EXERCISE: Up to and including the line bearing "遵照《河北大学博士研究生招生", output every line of the entries exactly as written, starting from the first; pictures stay out.

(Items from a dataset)
☆ ☆ ☆ ☆

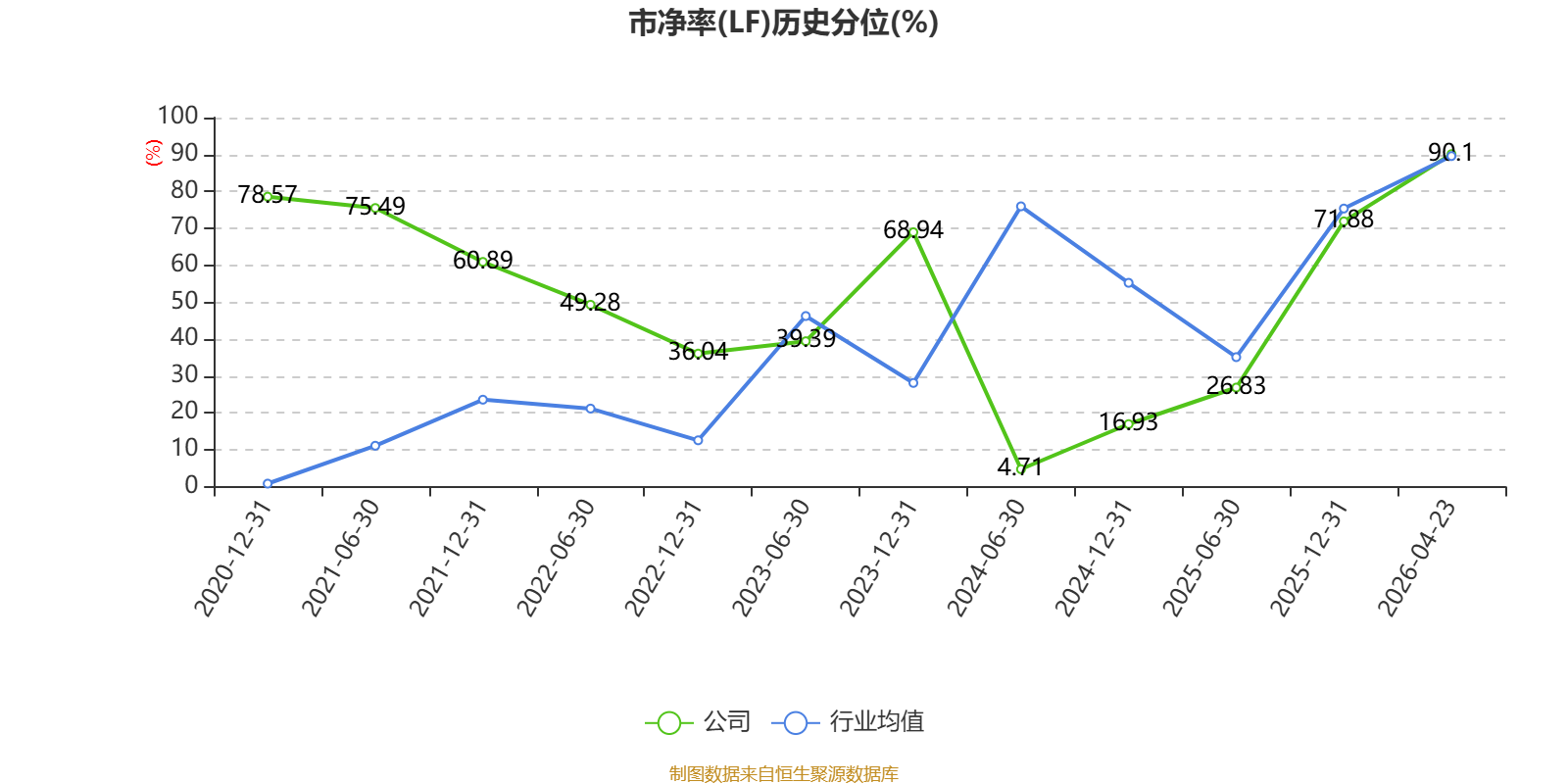 市盈率、市净率为负时,不显示当期分位数,会导致折线图中断。
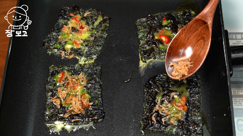 재래김, 청양고추, 홍고추, 밥새우, 계란, 맛술, 올리브오일, 사각팬
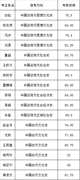 遵照《河北大学博士研究生招生“申请—考核制”实施办法》《河北大学历史学院“申请-考核制”招收博士研究生实施细则》等文件精神,我院于4月16日对申请考生进行学术水平考核和面试考核,现将成绩进行公示:
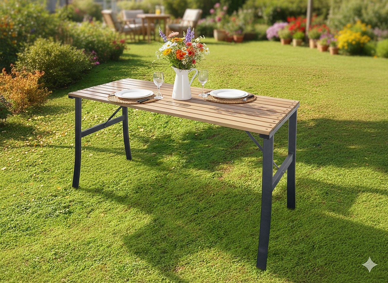 Відкрийте для себе функціональний і стильний садовий стіл, який ідеально поєднує природну красу дерева з міцною сталевою конструкцією. Це ідеальний вибір для саду, тераси, балкона або альтанки – скрізь, де важливі комфорт, довговічність і естетика. 🌿☕Завдяки ретельно підібраним матеріалам стіл зберігає стабільність і чудовий вигляд протягом багатьох сезонів використання.
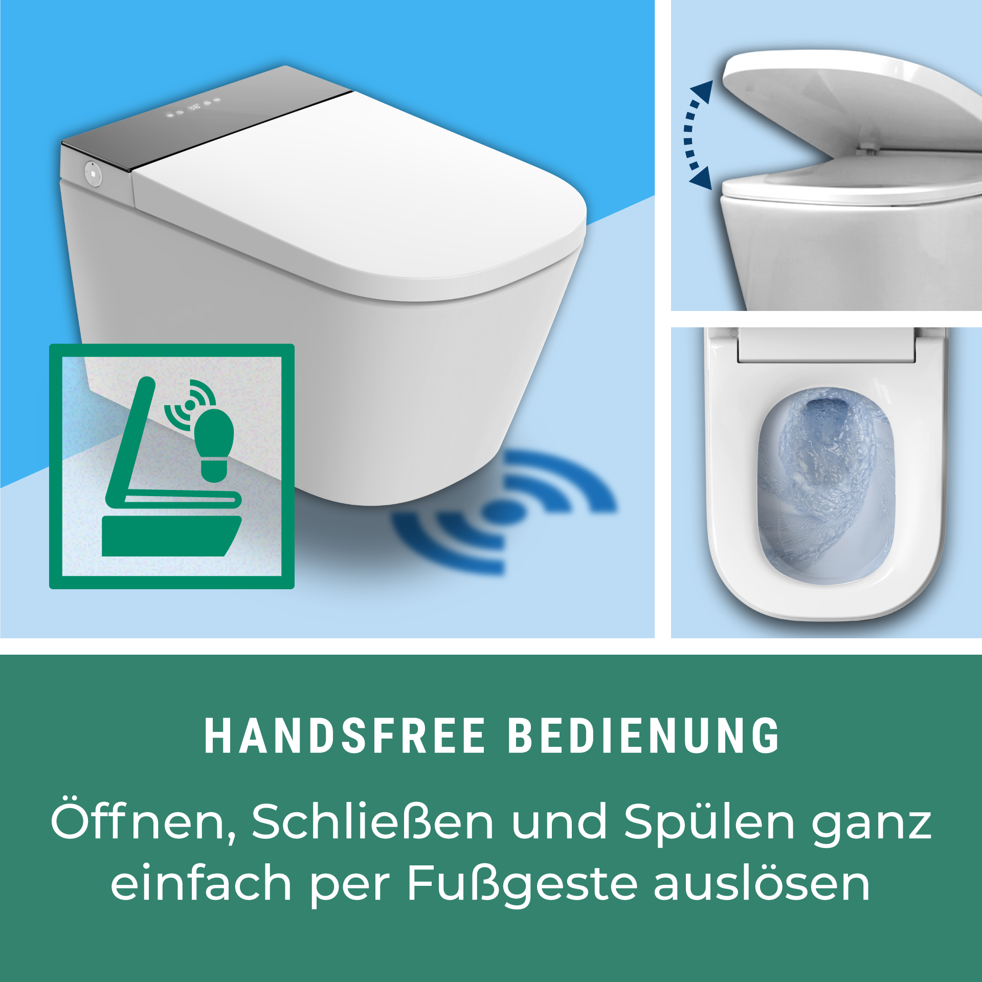 WELTNEUHEIT: Florence Dusch WC • erstes echtes handsfree Dusch WC berührungsloses Öffnen und Schließen des Deckels nach Wahl über Fuß- oder Annäherungssensor Höchster Funktionsumfang eines Dusch WCs

☆ ☆ ☆ ☆

RESULT OF THIS TASK:
 市盈率、市净率为负时,不显示当期分位数,会导致折线图中断。
 재래김, 청양고추, 홍고추, 밥새우, 계란, 맛술, 올리브오일, 사각팬
 遵照《河北大学博士研究生招生“申请—考核制”实施办法》《河北大学历史学院“申请-考核制”招收博士研究生实施细则》等文件精神,我院于4月16日对申请考生进行学术水平考核和面试考核,现将成绩进行公示:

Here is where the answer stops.